Precept approaches to shifting information distributions with incorrect sensor calibrations
I am working with function information consisting of sensor measurements however a few of these sensors have been recalibrated utilizing completely different base factors over time such that there are some distribution shifts in my information such because the exemplar graph on this put up.
I’ve no information on the bottom factors used for these sensors however I’ve ample enterprise data to detect a sensor recalibration and shift the information appropriately again into the common distribution.
However, is anybody conscious of any extra principled approaches to carry out this process of shifting elements of the information? I am not referring to issues like change level detection however fairly the precise shifting of the information.
Wanting ahead to any insights and experiences with related issues of others!
[Example of distribution shift](https://preview.redd.it/dqh24wjz7zza1.png?width=476&format=png&auto=webp&v=enabled&s=76d965b07f30894f591ca4313ad3404bc5d6f7da)
Comments ( 6 )
This is just like when a company releases a dividend! Typically, the dividend amount is subtracted from all values in the previous time series. That second jump is positive so you’ll be a subtracting a negative (getting more positive). My hunch is the same solution applies here. Note: best done in a reverse for loop.
If we consider the simple model where the “true” measurements have some time-varying functional form, f(t), then your observed data can be modeled as Y(t) = Baseline(t) + f(t), where Baseline(t) is the step function that models your recalibrations. If you can specify when these occur, then your inferences can just be on f(t).

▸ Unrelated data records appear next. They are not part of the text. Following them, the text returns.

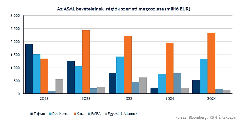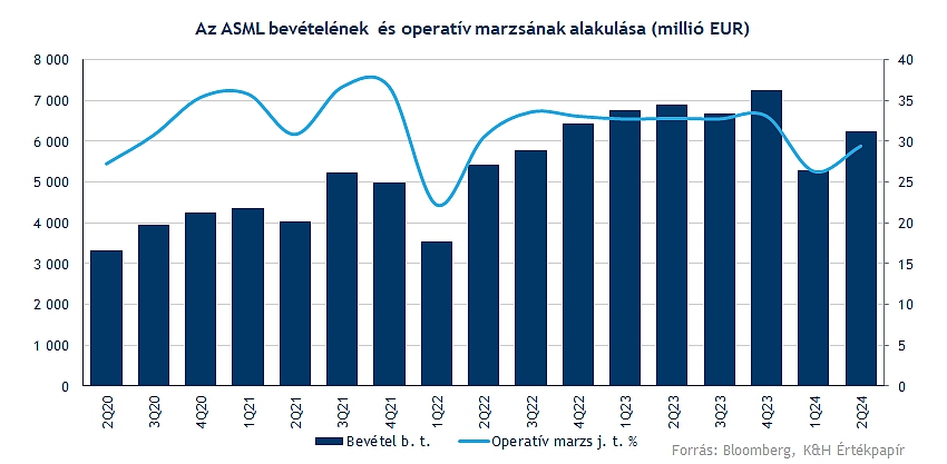 Az ASML 6,24 milliárd eurós (9,6 százalékos éves visszaesés) bevételt ért el, amivel felülmúlta a 6 milliárdról szóló elemzői várakozásokat. Éves alapon viszont csökkent az árbevétel, mivel Hollandia az év elején megtiltotta az ASML-nek, az úgynevezett DUV litográfiai gépek Kínába történő exportját, de ennek ellenére is Kína adta a cég értékesítésének 49 százalékát. Továbbá az ASML továbbra is szállítja azokat a berendezéseket, amelyeket még a tiltások bevezetése előtt vásároltak az ügyfelek. Kiemelendő azonban, hogy egyre nő a nyomás a cégen, így a geopolitikai helyzetre különösképpen figyelhetnek a befektetők, nemcsak ma, de a következő időszakokban is.
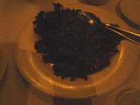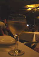 …“シーフードの前菜”“エビとパイナップルの炒め物”“海鮮焼きそば”…ありゃなんだか、日本にいる時と変らないものばかり…。 チャイニーズを選択したのがそもそも間違いだった…でも雰囲気に釣られちゃったんだよね〜。まぁいっかー…ん?“Emuのハーブ炒め”? “エミュー”ってあのダチョウみたいな生き物だよね…よし!これ食べよう! 暗すぎてほとんど見えないけど、右上の写真がその“エミューのハーブ炒め”。ミントの葉っぱがたくさん入って、臭みは全く感じないけど、うーんまぁまぁかなぁ。 今回もシドニーの州である、NSW(ニューサウスウェールズ)州で出来たワインをオーダー。 |
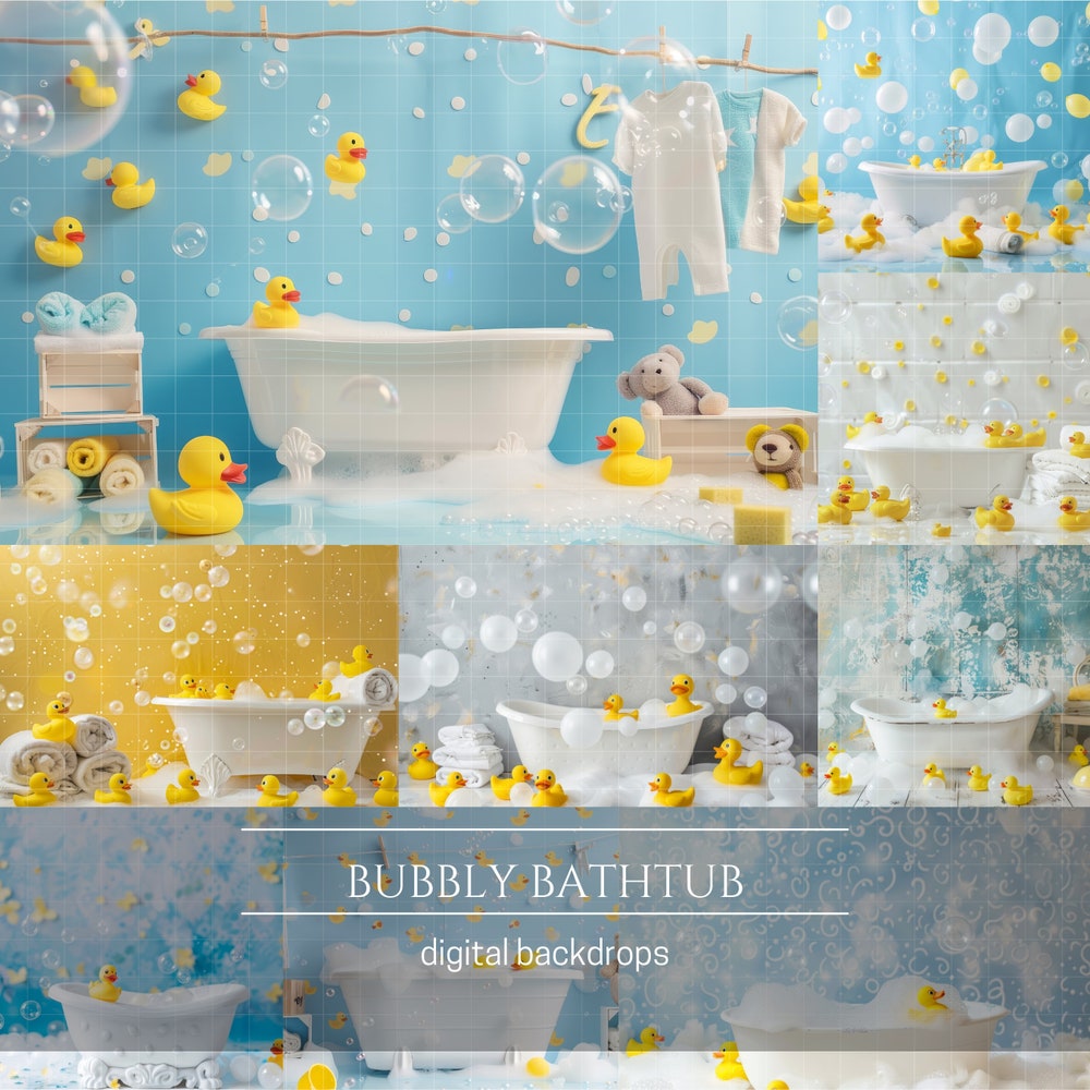 White Bathtub with Soap Bubbles and Yellow Rubber Ducks Digital Backdrops for Children Composite Photography, Studio Backdrop Overlays
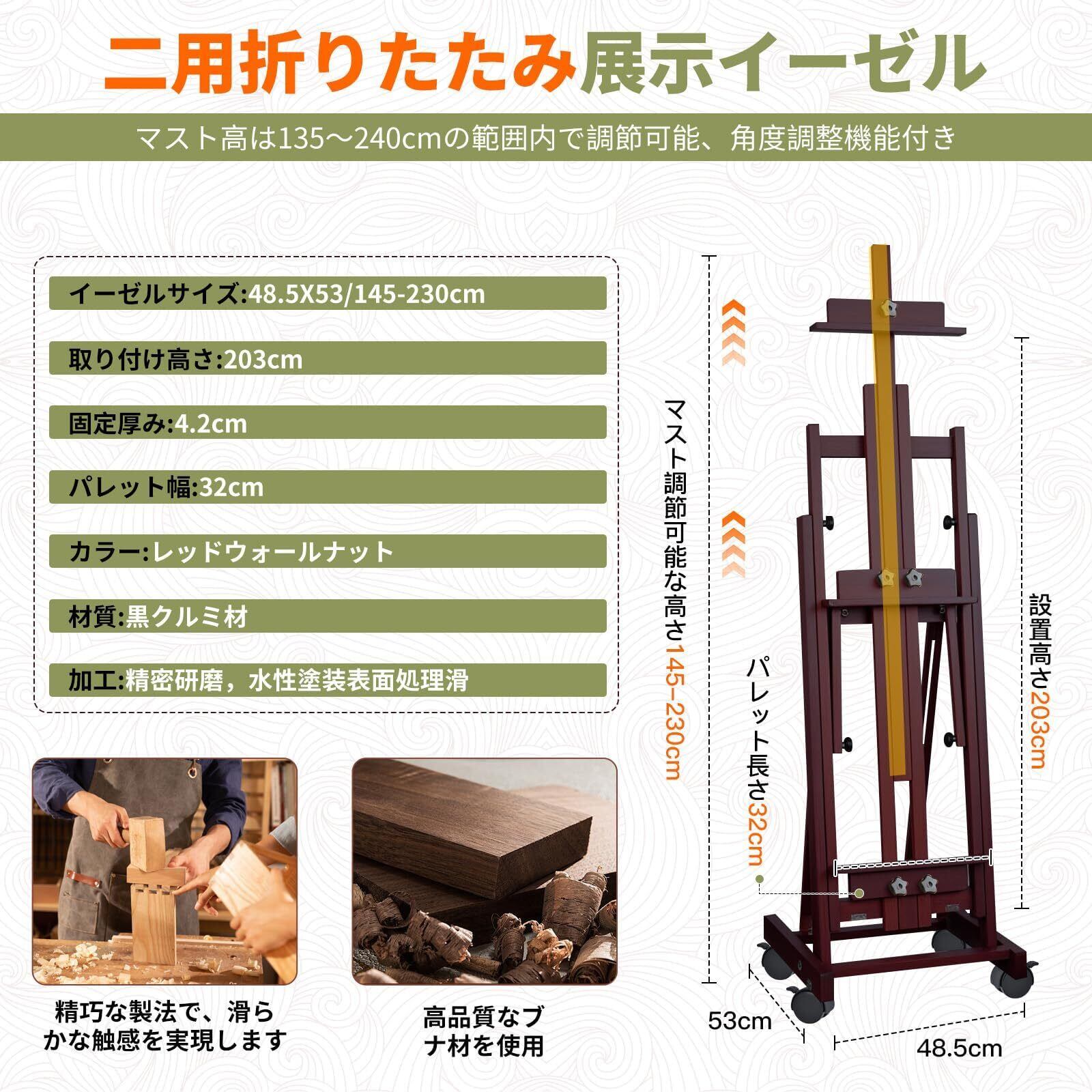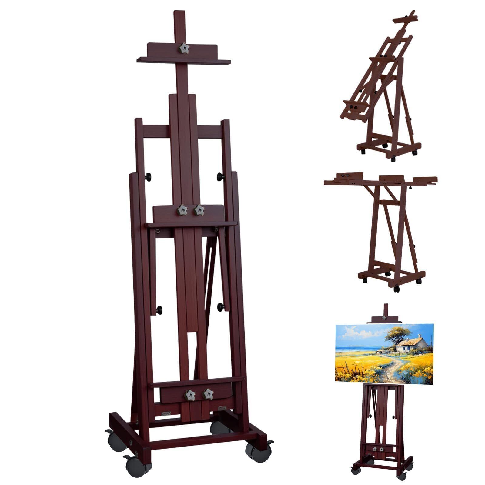 イーゼル ブナ木製 145-230cm 角度調節 Hフレーム キャスター付き イーゼルスタンド 水平・垂直両用 画架 頑丈 安定性高い 多機能 折りたたみ収納 スタジオ スケッチ デッサン 美術 芸術 絵画 写生 スタンド 学生 大人 ブラックウォルナット色 レトロ調 日本語説明書付き

Maybe you can look at the first derivative of your data. Then, your jumps become rather narrow peaks and you could threshold to filter those time points out
As others said there are two parts. First, in order to detect this you can calculate the first derivative. Given the shape of the recalibrations compared to the normal curve you should be able to simply define a hard cutoff for the value of the first derivative let’s say D
Anytime you identify an interval of points whose derivative is greater than D, remove those points. Then you should calculate the difference S between the maximum Y value in that interval and the minimum Y value in that interval. All proceeding data is then translated along the Y axis S units (could be positive or negative). Finally, since there is now a gap in your time series you can use a Lagrange interpolation to reconnect the line, then simply fill in points along your time axis on that line.